Then we get to the real reason for the e-mail - a necessary disclaimer: "I should perhaps add", he says, with feigned casualness as he does a quick underpants change, "that my role as Chairman of the IEA Trustees is non-executive, and I've had no part in the organisation of the Brexit prize". And then, a final hypocritical flourish: "All the best, David".

Well, cheers Dave! I actually spent over 700 hours on researching and writing the submission, with personal visits to both Norway and Iceland, where I interviewed senior politicians, trade representatives and others, to give first-hand information to go into the report.

But, Dave, you are also dismissing a huge amount of time put forward by EU Referendum readers, and the huge help given by The Boiling Frog and others, who were also just as keen to have a fair competition, those whom you have now so casually insulted.  But that doesn't matter - they're only plebs who didn't go to Eton.
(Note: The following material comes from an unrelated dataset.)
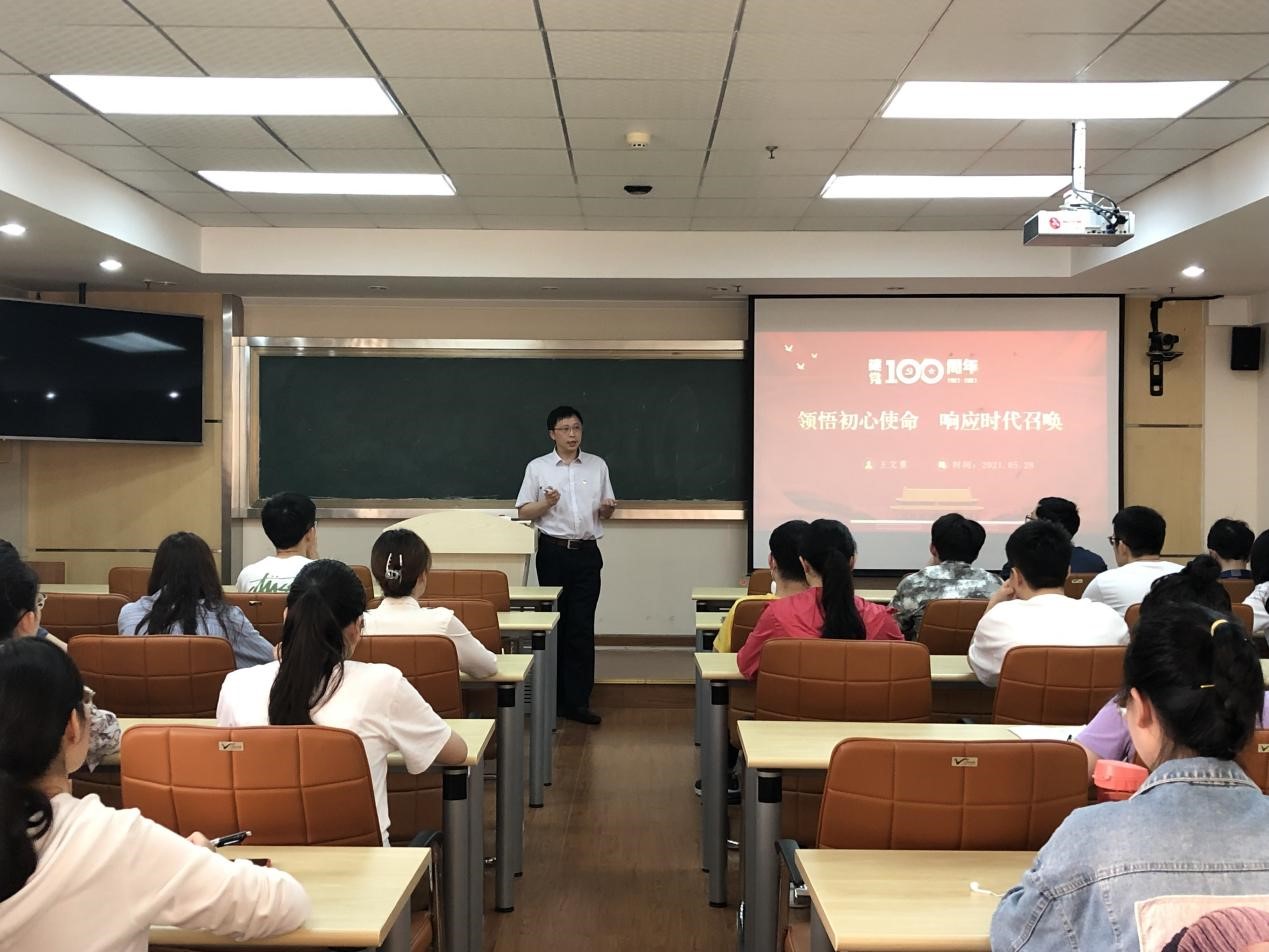在中国共产党成立100周年之际,为深入贯彻落实习近平总书记在党史学习教育动员大会上的重要讲话精神,把“学党史、悟思想、办实事、开新局”贯穿学习教育全过程。5月28日下午,公司党委书记王文重在科技楼602室为研究生讲授“领悟初心使命,响应时代号召”的思政课,课程由学工组长王佳恒主持。

Despite that, I then wrote to him about the submission of which he had been so dismissive: "You will not have read it of course", I ventured.  These very clever people never do ... they have the wonderful gift of divining the quality of such things without needing to read them. Thus, I observed: "You are undoubtedly far too clever and grand and could not be expected to soil your magnificent brain with such material". And we couldn't have him actually learning anything.

"However", I added, "I must really thank you for such an illustrative example of what the other half think of us plebs. I am sure my readers are going hugely to enjoy your perceptive analysis".

Compare and contrast this with what they were saying to my face. Isn't it refreshing when the mask slips and you find out what they really think about you, and what they are really saying! For all their airs and graces and their fine words, the truth will out. But how sad, the message is always the same: "know thine place, pleb!"

Whatever did we do before the internet, and learned professors who press the wrong buttons? But whatever made me think I was ever going to get a fair deal from the IEA? At least we got their "Ratner" moment, when we learned what they really think of us.